Purpose: Catch broken links on our own documentation pages

Configuration:

  • Insight: "Pages with Broken Links" from Dashboard 2
  • Threshold: Any page with > 5 broken link clicks in 24 hours
  • Filters:
    • is_internal_referrer = true
    • is_likely_bot = false
  • Notification channel: Email or Slack (dev team)

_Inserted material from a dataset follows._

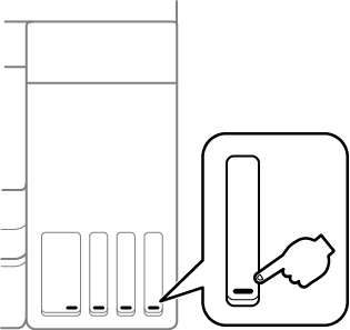 Pour confirmer les quantités réelles d'encre restante, vérifiez visuellement les niveaux d'encre dans les réservoirs. Assurez-vous que les niveaux d'encre se situent au-dessus de la ligne la plus basse des réservoirs.

When it fires: One of our docs pages has a broken link that needs fixing

Querying Examples

sql
SELECT
  broken_url,
  COUNT(*) as hits
FROM events
WHERE
  event = 'broken_link_accessed'
  AND properties.referrer_path = '/langgraph/quickstart'
  AND properties.is_likely_bot = false
  AND timestamp > now() - INTERVAL 30 DAY
GROUP BY broken_url
ORDER BY hits DESC

Find most common 404s this week

sql
SELECT
  properties.broken_url,
  COUNT(*) as hits,
  COUNT(DISTINCT properties.referrer_url) as unique_referrers
FROM events
WHERE
  event = 'broken_link_accessed'
  AND properties.is_likely_bot = false
  AND timestamp > now() - INTERVAL 7 DAY
GROUP BY properties.broken_url
ORDER BY hits DESC
LIMIT 20
sql
SELECT
  properties.broken_url_full,
  COUNT(*) as hits
FROM events
WHERE
  event = 'broken_link_accessed'
  AND properties.query_params IS NOT NULL
  AND properties.is_likely_bot = false
  AND timestamp > now() - INTERVAL 7 DAY
GROUP BY properties.broken_url_full
ORDER BY hits DESC
sql
SELECT
  properties.referrer_domain,
  properties.referrer_path,
  properties.broken_url,
  COUNT(*) as hits
FROM events
WHERE
  event = 'broken_link_accessed'
  AND properties.is_internal_referrer = false
  AND properties.is_likely_bot = false
  AND timestamp > now() - INTERVAL 30 DAY
GROUP BY
  properties.referrer_domain,
  properties.referrer_path,
  properties.broken_url
ORDER BY hits DESC
LIMIT 20
sql
SELECT
  properties.referrer_path,
  properties.broken_url,
  COUNT(*) as hits
FROM events
WHERE
  event = 'broken_link_accessed'
  AND properties.referrer_domain = 'partner-site.com'
  AND properties.is_likely_bot = false
  AND timestamp > now() - INTERVAL 90 DAY
GROUP BY
  properties.referrer_path,
  properties.broken_url
ORDER BY hits DESC

Maintenance Workflow

  1. Weekly Review:

    • Check "Top Broken URLs" insight
    • Create redirects for high-traffic 404s if appropriate
    • Fix or remove broken internal links
    • Review "Top External Referrer Domains" for partner broken links
  2. After Deployments:

    • Monitor "Total 404s Over Time" for spikes
    • Check "Recent Internal 404s" for new issues
  3. Monthly Cleanup:

    • Review "Internal Broken Links" dashboard
    • Run link checker script: npm run check-links
    • Fix any persistent internal broken links
  4. Partner Outreach (as needed):

    • Check "Partner Broken Link Pairs" dashboard
    • Identify high-traffic broken links from partner sites
    • Contact partners to update their links
    • Consider creating redirects for common partner mistakes

Bot Filtering

The tracking automatically filters out common bots using user agent patterns:

  • /bot/i
  • /crawl/i
  • /spider/i
  • /slurp/i
  • /mediapartners/i
  • /googlebot/i
  • /bingbot/i
  • /facebookexternalhit/i
  • /twitterbot/i

Use the is_likely_bot = false filter in dashboards to focus on human traffic.

Privacy Considerations

The tracking does NOT collect:

  • Personal identifiable information
  • IP addresses
  • User IDs or session tokens

The data collected (URLs, referrers, user agents) is standard web analytics information used solely for improving documentation quality.